When Matt Hooper enters in the deep background, neither the camera nor Brody budges, suggesting his ill temper. When Hooper says he'd like to talk with the chief, she replies that she would too. How smart is that of the script, keeping her in the dark up until now? It not only allows us to see her reaction to the news, but it feels real. How often do we not talk about what bothers us until after dinner?


All the rest of the scene has to do is get us to the point where we resume the hunt, the caught shark being the wrong shark. Instead of a hasty throwaway scene, look at the details of characterization which we find:

  • Bachelor Hooper helps himself to the leftovers.
  • Brody rolls his eyes at his wife's naive characterization of Hooper as being "in sharks," as one is "in siding" or "in insurance."
  • The reactions to Brody pouring a towering glass full of wine: his wife purses her lips, then looks up at him at him, mouths his name, forces a smile, and then looks as if she's about to burst into tears. The awkward guest, Hooper just laughs.
  • Brody's disappointed reaction when he realizes Hooper is having only a little wine.
  • Brody's indifference to his wife touching his arm, and his curt reply to her description of his fear of the water.
  • How later in the film, Brody forgets what a thresher is, even though Hooper mentions the shark in his story here.
I'm not saying these characters could have walked off a Shakespearean stage, but the script and performances are rich in details which bring them to life. They feel real and because we empathize with them, we care about them.
16. Cut That Shark Open

The cut from the previous scene is not the prettiest, but there's a reason for it. When Ellen asks her husband whether he's allowed to go cut the shark open and he replies, "I can do anything I'm the chief of police," we're suspicious about the legality. The cut here, from a pleasant domestic scene to the sight of a beaming flashlight and a glistening knife, suggests they're thieves in the night.


The final shot in the scene a much smoother transition, darkening in preparation for the night-time search for the shark.


17. Ben Gardner's Boat

This scene begins with another bit of humor: Brody is delivering an inebriated rant, bottle in hand, about crime in NYC, to which Hooper responds, snack in hand, "Want a pretzel?"


Are these bozos going to catch the shark?
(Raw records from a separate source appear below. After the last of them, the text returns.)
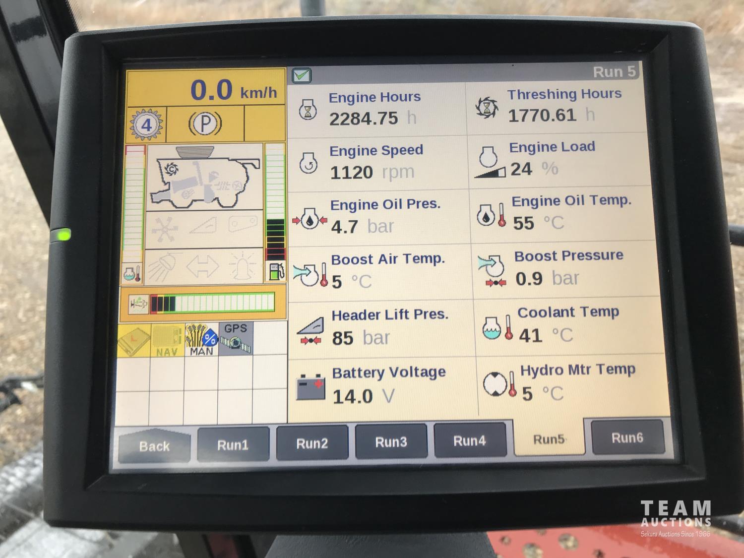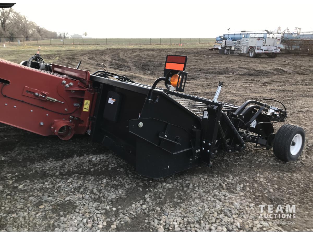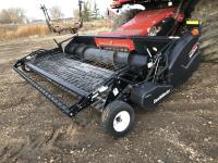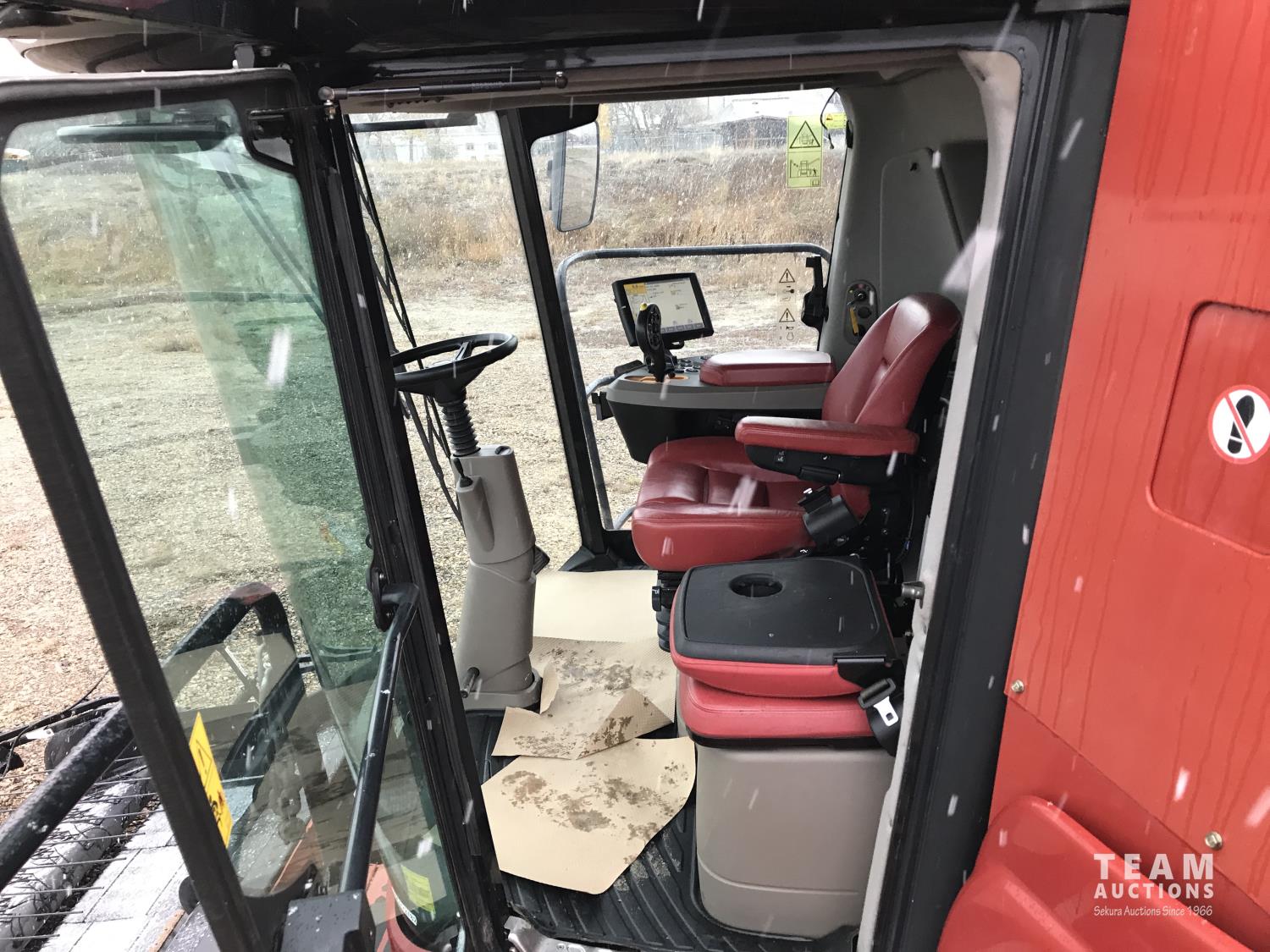 Macdon PW7 14 ft pick-up header, variable speed reel, auto header height, fore & aft, reverser, lateral tilt, rock trap, yield & moisture, chaff spreader, fine cut chopper, grain tank extensions, A/C, upgraded stereo, air ride seat, buddy seat, 900/60R32 front tires, 600/65R28 rear tires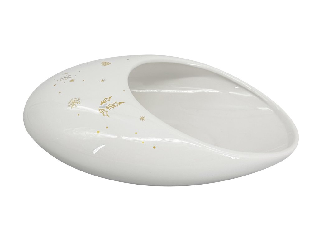 Keramická mísa Bean M z kolekce Zlatá koleda je dokonalým doplňkem pro vaše sváteční stolování. Vánoční mísa vyniká svým zlatým vánočním dekorem, který dodá vašemu interiéru kouzlo a eleganci. S rozměry 30x20x9 cm je ideální nejen jako mísa na cukroví, ale také jako dekorativní prvek pro vánoční tabuli.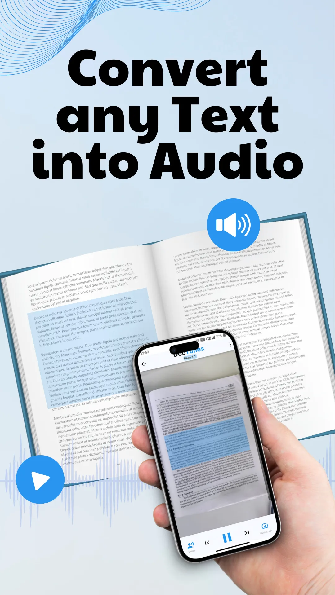 DocTunes- PDF & Text to Speech is one of those useful TTS apps that lets you convert documents like pdfs, images, or text to speech into more than 70+ Languages and 500+ different Male/Female voices to choose from. If you are looking for text to speech apps that are easy, seamless, and available worldwide, then trying our speech audio app will be worth the effort. Want to listen to your documents or read them with a human voice? No problem! DocTunes TTS app lets users publish their documents (pdf, doc txt, etc.) or an Image (including handwritten) and convert them into audiobooks (human-like Voice) in their native language. This text reader helps you to remove the language barrier in reading and understanding documents. You can also select the speed and pitch of the audiobook. ...

Not quite, and more importantly, not alone. Humor aside, the ridiculous opening to this scene hints at the fact that they'll need someone else to bag the shark. What follows, though, is a masterful scene of suspense.

A foggy night on the ocean and the two men spot the derelict boat of Ben Gardner, one of Amity's fishermen.


The tone here all owes to Williams' sinister music of fluttering harps and simple alternating string figure beneath a cautious three-note figure in the flute which seems to peer out with us over the wrecked hull. The music grows more dissonant as Hooper dives beneath the wreck to investigate, until he pops out a tooth from the hull to just a hint of the Jaws theme and those wild brasses. It's a brilliant touch here that after he examines the tooth, Hooper looks away from the boat into the deep murky water. First, since he's the expert, he now knows the shark in question is a huge Great White. I very much appreciate that he has this instinctive reaction now, rather than when it's more convenient to talk to us. Second, it reinforces the fact that underwater we'll never see the shark coming. Third, it's a misdirection away from where the impending surprise is actually going to come from.

Hooper shines his light into the hole in the hull and with an ear-piercing whine Ben Gardner's head floats through. Hooper's reaction shot not only reinforces the horror at the sight, but it amplifies the disgusting disfigurement of the dead man's face by showing us a healthy face in immediate contrast. The jump from the rumbling basses to the high-pitched screech amplifies the shock as if by a physical jolt.

These techniques have all been endlessly copied, but they're seldom more potent than here. There's even fine attention to the color palette here, with the underwater lights from Hooper's boat casting a urine hue on the water around the boat. The light not only provides necessary illumination, but its sickly cast sets us on edge.